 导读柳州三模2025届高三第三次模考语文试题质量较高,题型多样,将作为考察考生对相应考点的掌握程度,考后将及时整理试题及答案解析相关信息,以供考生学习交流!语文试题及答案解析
########
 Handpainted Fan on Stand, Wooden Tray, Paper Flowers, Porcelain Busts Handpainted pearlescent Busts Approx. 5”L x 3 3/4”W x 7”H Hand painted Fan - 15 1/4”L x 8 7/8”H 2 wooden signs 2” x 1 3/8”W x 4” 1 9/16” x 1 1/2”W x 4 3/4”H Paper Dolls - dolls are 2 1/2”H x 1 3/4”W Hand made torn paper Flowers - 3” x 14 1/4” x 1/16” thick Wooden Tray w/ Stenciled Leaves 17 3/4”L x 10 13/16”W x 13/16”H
########
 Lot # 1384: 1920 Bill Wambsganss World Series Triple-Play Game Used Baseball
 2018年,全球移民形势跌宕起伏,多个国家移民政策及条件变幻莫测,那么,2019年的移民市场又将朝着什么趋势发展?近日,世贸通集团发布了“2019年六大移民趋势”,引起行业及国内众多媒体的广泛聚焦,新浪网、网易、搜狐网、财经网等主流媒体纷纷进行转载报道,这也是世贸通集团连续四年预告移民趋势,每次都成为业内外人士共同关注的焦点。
########
→ **WORK ORDER**: The answer is the lines above between the line holding "Lot # 1384: 1920" and the line holding "2018年,全球移民形势跌宕", inclusive, each written out exactly, and no others.

→ **RESULT OF THIS EXERCISE**:
 Lot # 1384: 1920 Bill Wambsganss World Series Triple-Play Game Used Baseball
 2018年,全球移民形势跌宕起伏,多个国家移民政策及条件变幻莫测,那么,2019年的移民市场又将朝着什么趋势发展?近日,世贸通集团发布了“2019年六大移民趋势”,引起行业及国内众多媒体的广泛聚焦,新浪网、网易、搜狐网、财经网等主流媒体纷纷进行转载报道,这也是世贸通集团连续四年预告移民趋势,每次都成为业内外人士共同关注的焦点。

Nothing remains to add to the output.